I think the under/paper uniform choice was made based on character personality. Big Boo wouldn't have bothered, and neither would Alex (although Alex had enough presence of mind to improvise with a plastic bag). Piper would've naturally been one of the first to grab one, and so would Red. I think it makes sense broken down like that, at least to an extent.

Piper and Alex seem to have a hate/hate = love/love relationship. They clearly have feelings for each other that aren't entirely healthy, but at the same time they can't deny that there is something deeper there too.

Great review, and decent episode. I'm looking forward to the next one.

Josie Kafka said...

Red: "Nice is for cowards and Democrats."

Red gets some of the best lines.

This episode did make me really itchy, though.

Jess Lynde said...

The only thing about the Bennett focus that made me happy is that it seemed to reinforce what a disillusioned idiot he is. For me, he and Daya have never been a cute couple trying to overcome circumstances and the odds. The whole relationship was a horrible idea from the jump, and they've created a terrible mess. There is no happily ever after here. There is only suffering and heartbreak, and I'm concerned the baby is the one that will suffer the most. (Can you tell I was less than thrilled with the proposal scene? :) ) Aleida may have been angling for a payday with Grandma Mendez, but she felt like the only one making sense when arguing for the chance to give the kid a better shot and his own room. I hope Daya wakes up and lets go of her romantic fantasies soon.

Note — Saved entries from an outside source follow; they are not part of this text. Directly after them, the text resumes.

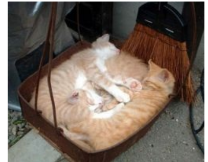
Без котэ статья была бы неполной
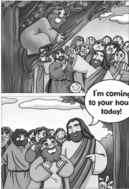
<오마리아 주일복음/바오로딸 콘텐츠>

In today's Gospel reading, we hear about a tax collector, Zacchaeus, who was curious about Jesus. Jesus saw that this was a chance for him to turn from his evil ways, so He called him down from his perch in the tree and said He was going to visit him at his house.
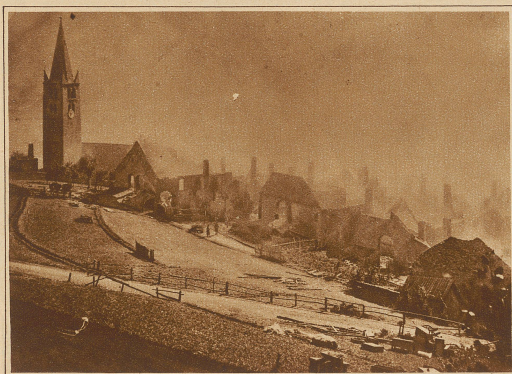
Eine gewaltige Feuersbrunst zerstörte das Dörfchen Puy St-André bei Briançon in den französischen Alpen. Dem in einer Epicorie entstandenen Brand fielen 80 Häuser zum Opfer
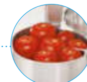
Широкая воронка XL Крупные овощи

R 752 Воронки для фруктов и овощей любых размеров
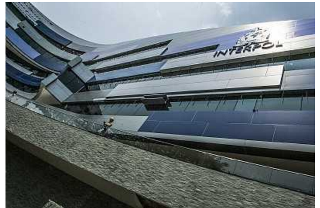
IGCI 外観
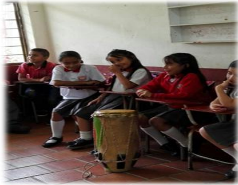
Figura 11. Niños y niñas del grado cuarto, I.E García Paredes Popayán.
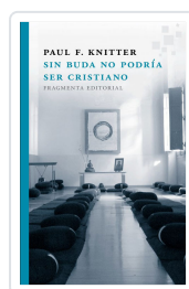
SIN BUDA NO PODRÍA SER CRISTIANO KNITTER, PAUL F.
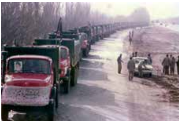
شکل ۱۶-۴- ارسال کمک‌های مردمی به جبهه توسط جهادسازندگی خراسان

همچنین ستادهای پشتیبانی جنگ جهاد به همراه ستادهای پشتیبانی هلال احمر و سپاه پاسداران انقلاب اسلامی مسئولیت جمع‌آوری، ساماندهی و ارسال کمک‌های مردمی و اعزام امدادگران داوطلب به جبهه‌ها را برعهده داشتند.
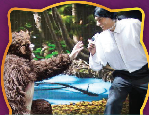
TARZÁN: EL REY DE LA SELVA
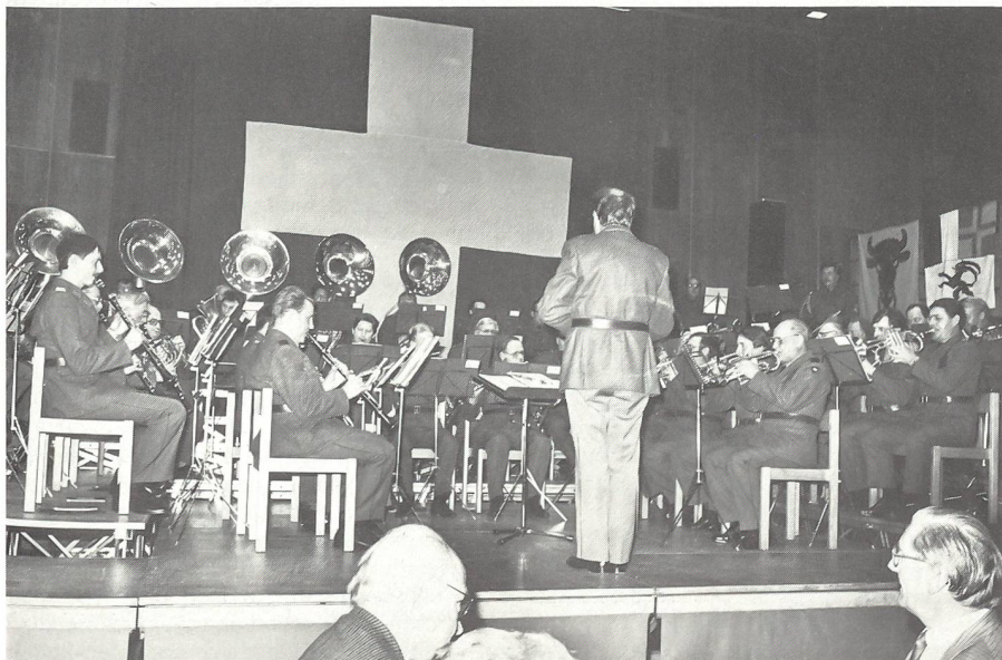
Konzert des Militärspiels des UOV Baden im Jahre 1987.

Für den Auftritt am Freitag, 17. März 1989 im Stadtkasino Baden können Plätze reserviert werden. Vorverkauf vom 5. bis 12. März täglich von 18 bis 19 Uhr über Telefon 056 22 77 41.
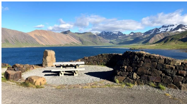
Mynd 6: Áningarstaður við Kolgrafafjörð. Myndin er fengin af Google Maps „Kolgrafafjörður Viewpoint“. Ljósmyndari: Michel Grandjean.

Kolgrafafjörður : Við Kolgrafafjörð er áningarstaður í umsjón Vegagerðarinnar. 32 Þar er gott bílaplan með upplýsingaskiltum um síldardauða í firðinum og söguskilti um Eyrbyggju, áningarborð og grjóthleðsla. Skiltin eru fræðandi en yfir þeim er plasthlíf sem hrím sest á í frosti og nýtast ekki nema áhugasamir skafi þau. Á sama stað er einnig kort um gönguleiðir á svæðinu en það er ólæsilegt. Af bílaplaninu er gott útsýni yfir Kolgrafafjörð og gyrt er fyrir möguleika á göngu í fjöruna. Á Google Maps er staðurinn merktur inn sem „Kolgrafafjörður Viewpoint“ og þar hafa 61 gefið staðnum umsögn og 4,7 stjörnur af fimm mögulegum. 33
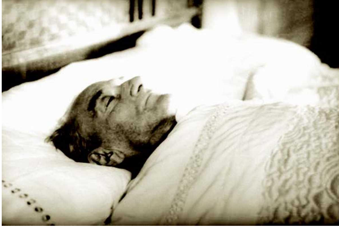
Dolmabahçe Sarayı, İstanbul, 1938

Atatürk'ün naaşı, Dolmabahçe Sarayı salonunda özel bir katafalka yerleştirildi. Türk bayrağına sarılı ve başında silâh arkadaşlarının nöbet tuttuğu mukaddes tabut, üç gün müddetle milletin ziyaretine bırakıldı.
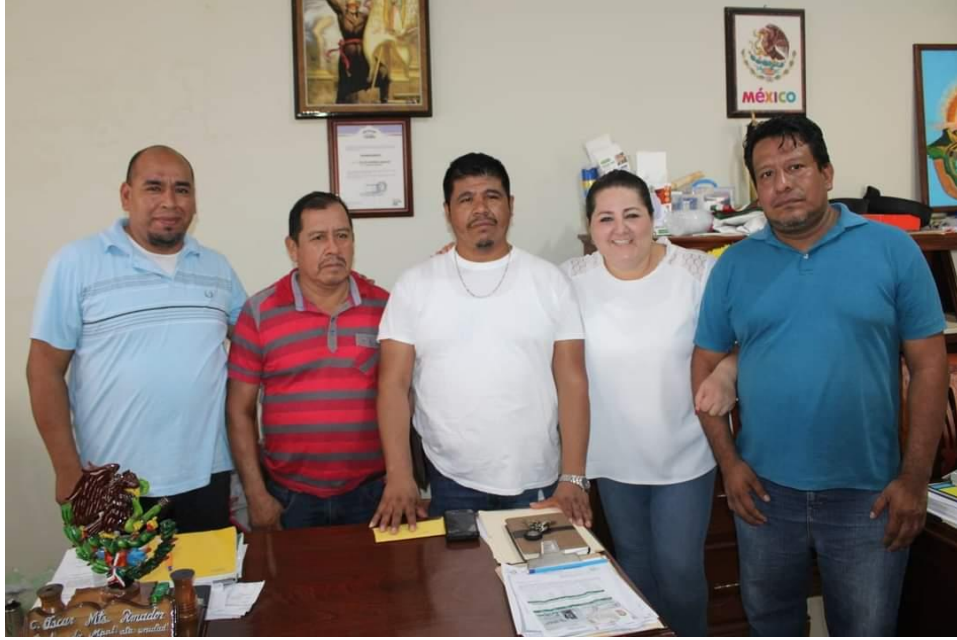
GESTION DE APOYO PARA LA FIESTA PATRONAL
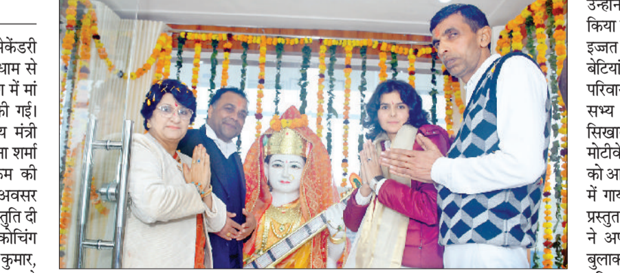
नारनौल। मां सरस्वती की प्रतिमा अनावरण अवसर पर मौजूद अतिथिगण।
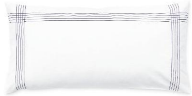
col. 70 harbour
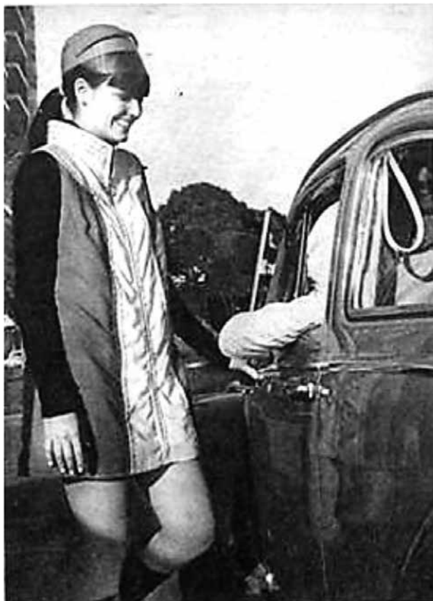
Figura 6 – Foto interna da revista O Cruzeiro mostrando professora normalista trabalhando como frentista
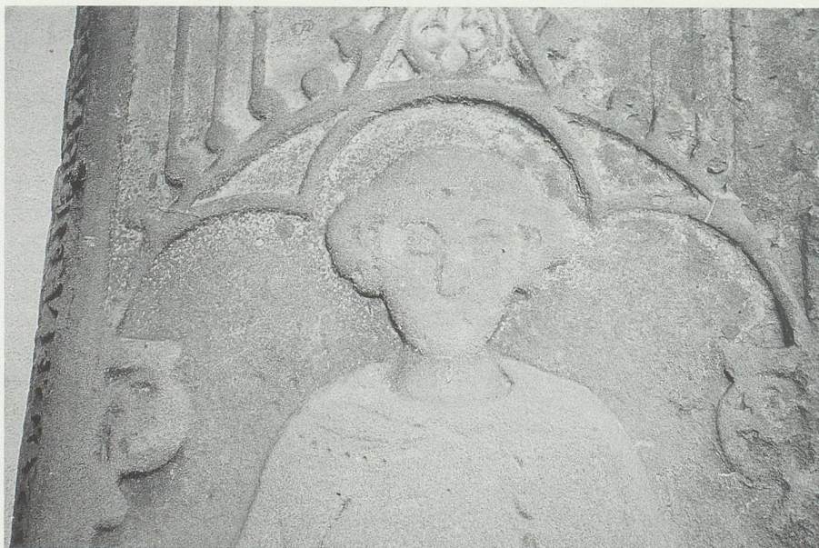
Beim Eingang der Churer Kathedrale aufgestellte Grabplatte des Domdekans Albero von Montfort († 1311). Der Montforter hatte sich für die Freilassung von Bischof Friedrich eingesetzt.

So werden der Todessturz von Bischof Friedrich und die Fluchten und Kriegszü-
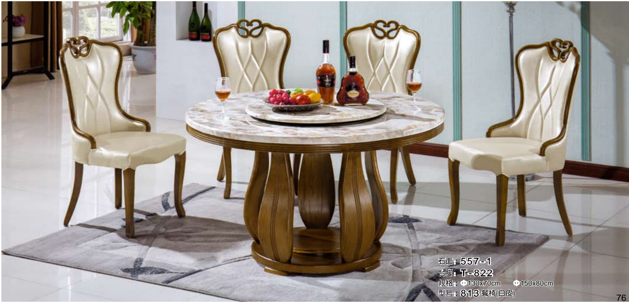
石面: 557-1 台脚: T-822 规格: 130x70cm 150x80cm 型号: 813 餐椅(白皮)
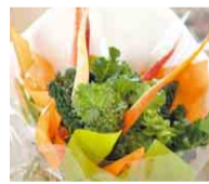
「野菜が甘い」と驚かれます
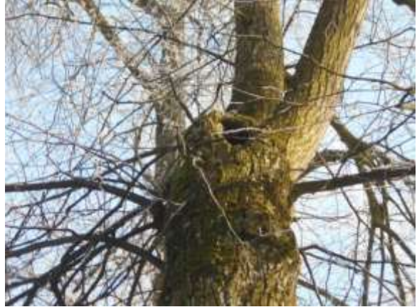
Lipa drobnolistna nr inw. 10

I, too, am thrilled that Piper dropping a dime on Alex is out in the open already. The less time spent on their "let's constantly betray each other" dynamic, the better. Those two are just as unhealthy as Daya and Bennett.

I'm with J.D. on the prison situation: it seems like a place that should maybe be shut down, but I hate the thought of the makeshift "family" being scattered to the winds.

Jess Lynde said...

Edit: I meant to call Bennett a "deluded" idiot, not a "disillusioned" one. (Although I guess there's a chance he's just been disillusioned by Cesar.) Ack! I so often wish there was an edit function for the comments. :)

Juliette said...

I was really happy to get Bennett's backstory, because I love Bennett, he's one of my favourite characters. I know I'm in the minority on that one! I can't help it, I'm a sucker for sappy love stories, even though I can tell that this one is heading straight for disaster and has been from the beginning. I can't help it, I like characters who are daft, sometimes deeply stupid, but well intentioned.

Marianna said...

I don't think Bennet lost his leg in the grenade scene, thanks to the soldier who was a lot braver than he was.

The crib that Cesar gave Bennet looked like a drop-side crib, which new standards tell us are unsafe, so it's probably for the best that no baby is using it.